INTUITIVE DATA UNDERSTANDING: INTERACTIVE VISUALIZATIONS OF K-MEANS AND HIERARCHICAL CLUSTERING TECHNIQUES
By Aditi Rajesh Sharma
Research Article
INTUITIVE DATA UNDERSTANDING: INTERACTIVE VISUALIZATIONS OF K-MEANS AND HIERARCHICAL CLUSTERING TECHNIQUES
ISSN: 3067-4395
DOI Prefix: 10.5281/zenodo.
Abstract
This study examines the structure of geothermal geo-chemisty data in India using k-means and hierarchical cluster analyses. The first attempt to list hot springs in India was made by Schlagintweit in 1852. The Geological Survey of India published a special publication titled 'Geothermal Atlas of India', and the government of India constituted a 'Hot Spring Committee' to examine the possibility of developing geothermal plants for power generation and other uses. In the Puga valley and Parvati projects, it is estimated that it is possible to harness 5000 MWh of geothermal energy from Puga valley, sufficient to sustain a 20 MWe power plant.
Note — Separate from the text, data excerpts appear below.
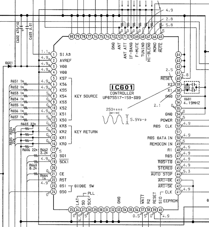 Letöltöttem a service manualt az Elektrotanyáról. Őszintén megvallom, ez a CPU, controller, komputer dolog nem az én műfajom. Ennek ellenére azt mondom, hogy az IC 901-en leellenőrizheted az 5V és 13 V tápokat, a Q151, 152 tranzisztorokon megnézheted a relék épp mit csinálnak, és a 80 lábú kontroller a 71, és 72 lábáról vezérli a relék tranzisztorait, megnézheted benne, túlzottan nem meleg valami, illetve kontakthiba, beázás gyanúja nem merülhet - e fel? Illetve ott az a Q 901 mute tranzisztor a táp IC közelében, ráadásul éppen a táp IC vezérli, ott lehet még méregetni. Ha már arra jársz, a D905 zénerre is rámérhetsz (Gondolom ennyi elég volt nekem egy olyan rádió rajzából, amit soha nem javítottam, és valószínűleg nem is fogok). Főleg az üzemszerűen is melegedő alkatrészek hajlamosak arra, hogy kihúzzák a lábukat a hideg-forrasztásból. Érdemes a forrasztásokat nagyítóval átnézni.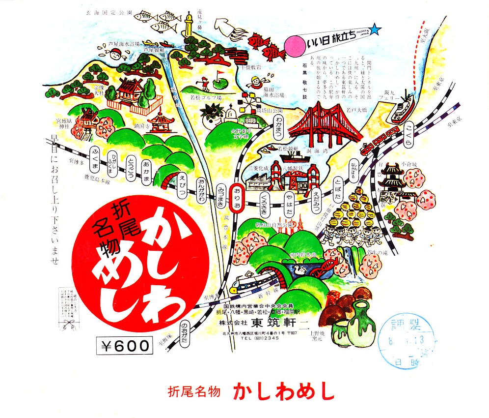 1980年代の調製と思われる、昔の折尾駅弁の掛紙。このイラストマップのつくりは、現在のものと変わらない。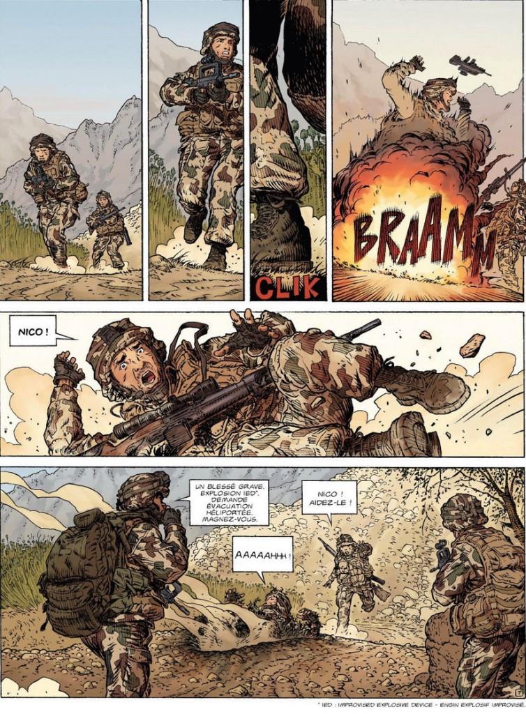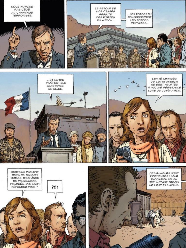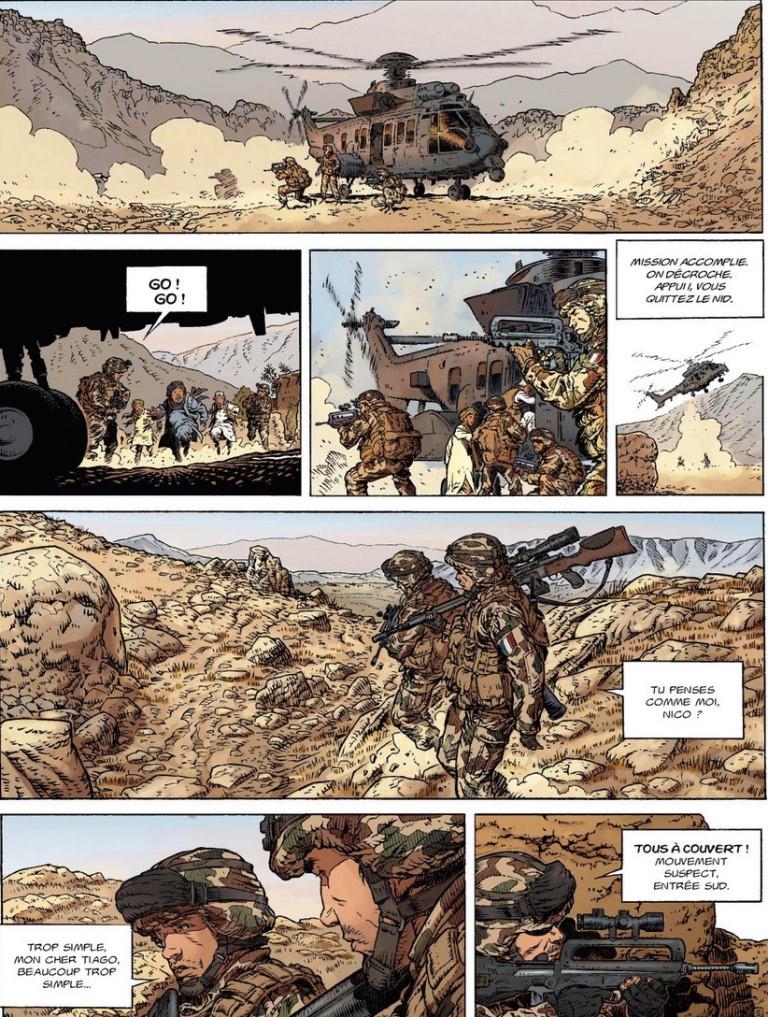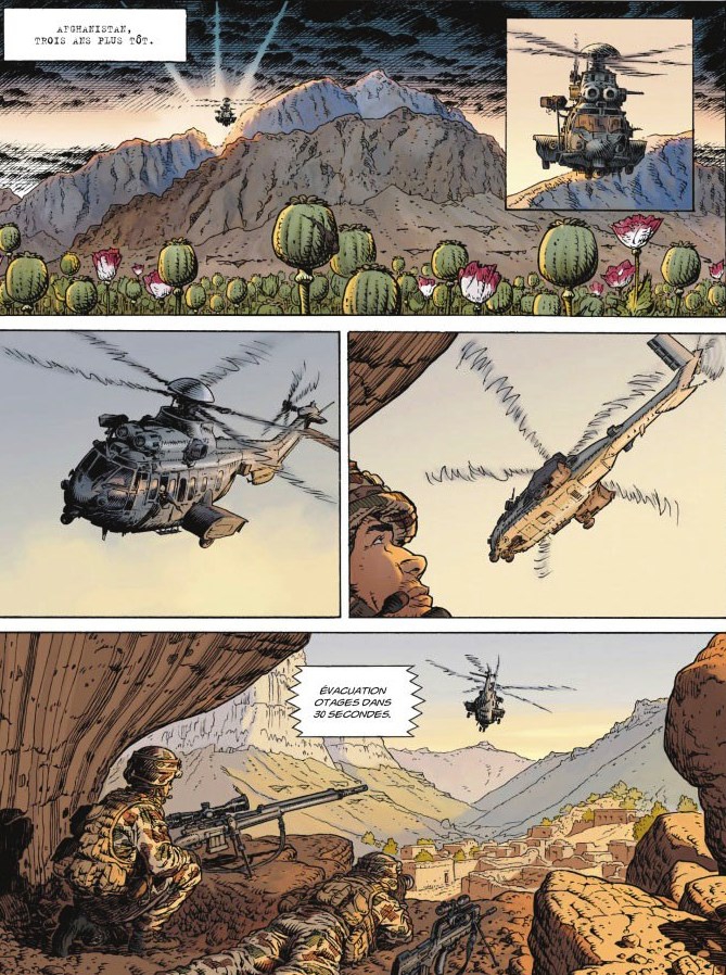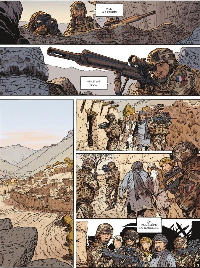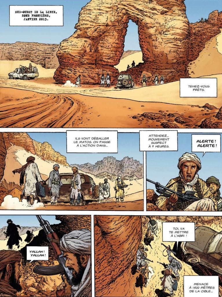 Le scénario mise sur le récit d’une vengeance qui vise un certain Zimmer. Il fait voyager le lecteur en Afghanistan, en Lybie, au Mali, au Maroc, en France et au Botswana dans des situations parfois périlleuses. Le décor est planté, la problématique développée et les personnages présentés. C’est bien construit au niveau de la forme narrative. Mais pour un récit qui se veut réaliste, je serai plus critique sur le fond : des dialogues parfois consternants relevant des clichés les plus éculés et des situations géopolitiques parfois caricaturales : l’arrestation par le commando de mercenaires de quelques pauvres braconniers mal armés au Botswana, par exemple.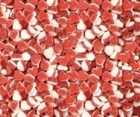 Gomitas dulces y sabrosas, con forma de corazón, de color rojo y blanco, ideales para decorar tartas y mesas dulces, perfectas para fiestas y celebraciones.
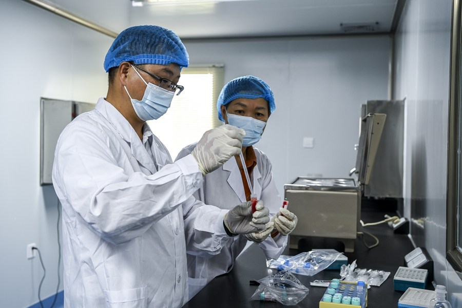 Technicians test poultry blood specimen at a laboratory in Xingye County, south China's Guangxi Zhuang Autonomous Region, Nov. 10, 2022. (Xinhua/Cao Yiming)

The GSI, the repository of most information concerning geological and related data in the country, included an R&D item No. 7/WB-5 for the development of a computerised system of geothermal database system referred to as GTHERMIS in its field season 1993-94 program. The computational strategy involves assigning each data point to the cluster with the nearest center (or "centroid"), recalculating the centroids after each assignment, and repeating the procedure until the clusters are no longer statistically different.
The k-means method, developed by MacQueen (1967), is one of the most widely used non-hierarchical methods, particularly suitable for large amounts of data. The data is scaled before cluster analysis, and the results are visualized using interactive graphics
The GSI, the repository of most information concerning geological and related data in the country, included an R&D item No. 7/WB-5 for the development of a computerised system of geothermal database system referred to as GTHERMIS in its field season 1993-94 program. The computational strategy involves assigning each data point to the cluster with the nearest center (or "centroid"), recalculating the centroids after each assignment, and repeating the procedure until the clusters are no longer statistically different.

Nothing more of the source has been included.